Balancing safety and cost-effectiveness in solar power inverter installations
In response to rising fossil fuel costs and environmental concerns, installation rates of solar photovoltaic panels, are rising rapidly. A further factor encouraging PV deployment has been incentives in the form of favorable feed-in tariffs to national grids; almost 99% (Reference 1) of the energy produced by solar installations is “grid-connected” via an inverter. All PV installations demand accurate measurement of generated current, both for efficient control of the inverter, and protection purposes.
Grid-connected inverters may, or may not include a transformer to provide galvanic isolation: transformer-less configurations incur a higher risk of leakage to earth. Four main inverter designs are commonly encountered. Two designs use a transformer (at low or high frequency) and two designs are transformer-less; with or without a DC chopper or step-up converter. For cost but also size, efficiency, weight reasons, transformers are less favoured for new designs.
MPPT control, inverter control and protection
For each different topology, instantaneous DC current and voltage output of the PV panel must be measured, to establish the MPP (Maximum Power Point) at which the maximum output power can be extracted from the solar panel. Current measurement is also needed as an input to the control loop of the inverter, and to ensure protection against short circuit or overload. Open-loop and closed-loop Hall effect technologies are used for the current and voltage transducers.
DC current injection measurement
In transformer-less designs and in high-frequency transformer configurations, the DC current that an inverter is permitted to inject into the grid must be limited to a maximum value of between 10 mA and 1 A, according to different standards that apply in different countries (relevant standards include IEC 61727, IEEE 1547, UL 1741, and VDE 0126-1). This requires transducers with very high accuracy (better than 1%) and very low offset and gain drifts; an ideal technology is the closed loop Fluxgate transducer (Fig 1).

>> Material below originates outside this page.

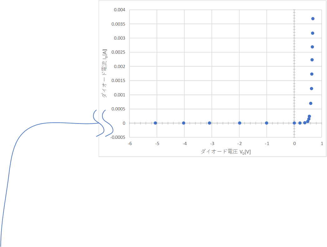 一方、この実験では確認できませんでしたが、メチャメチャマイナスの電圧を印加するといつか図4のように、反対側の電流が流れ出します。いつ流れ出すかはわかりません、流れた時はぶっ壊れた時なんで(笑)この時の電圧を逆方向電圧降下電圧と言います。

Figure 1: CKSR current transducers have the ideal characteristics for control of DC current injected into the power grid by solar inverters.
Leakage current measurement
Transformer-less inverters without galvanic isolation have a potential for leakage currents to occur. (Fig 2) Some of the hazards include:
- capacitance between solar panel and roof may offer an AC leakage current path
- any leakage path from the AC line back to the panel can raise the panel itself to line voltage, leading to a risk of electric shock
- leakage currents can be responsible for electromagnetic interferences, grid current distortion and losses in the system.
The ideal measurement of leakage current for safety purposes should be non-contact and non-intrusive. AC, 50/60 Hz leakage currents will be small, typically in the range up to 300 mA, and can be measured as the residual component from a differential measurement of currents in several conductors. The measurement must detect a sudden increase of 30 mA in leakage current, which may indicate a person touching a panel. Requirements again include accuracy and, especially, low offset and gain drifts, to ensure resolution of these small measured currents; the ability to accommodate several conductors, to cater for single or three phase system within the transducer aperture is a major advantage.
Earth fault current measurement
Safety monitoring must detect an earth fault current arising from an insulation defect in transformer-less designs; this current could be AC or DC, depending where the fault occurs; and depending on whether the PV panel is grounded or not. (see Fig.3) Similar requirements to those for the leakage current measurement apply. Accuracy, while still important, is less of a consideration in this case as short-circuit currents are higher than the leakage currents. All of these residual current measurement needs in PV transformer-less inverters designs are a fundamental safety requirement; and they must conform to all relevant standards.
Figure 3: Potential paths for earth fault currents in a transformer-less inverter design (without DC chopper)
Closed-loop fluxgate technology
Closed Loop Fluxgate technology offers the necessary accuracy, reliability and isolation when measuring small currents; LEM applied it to create “CTSR” current transducers (Fig 4). Closed Loop current transducers measure current over wide frequency ranges, including DC.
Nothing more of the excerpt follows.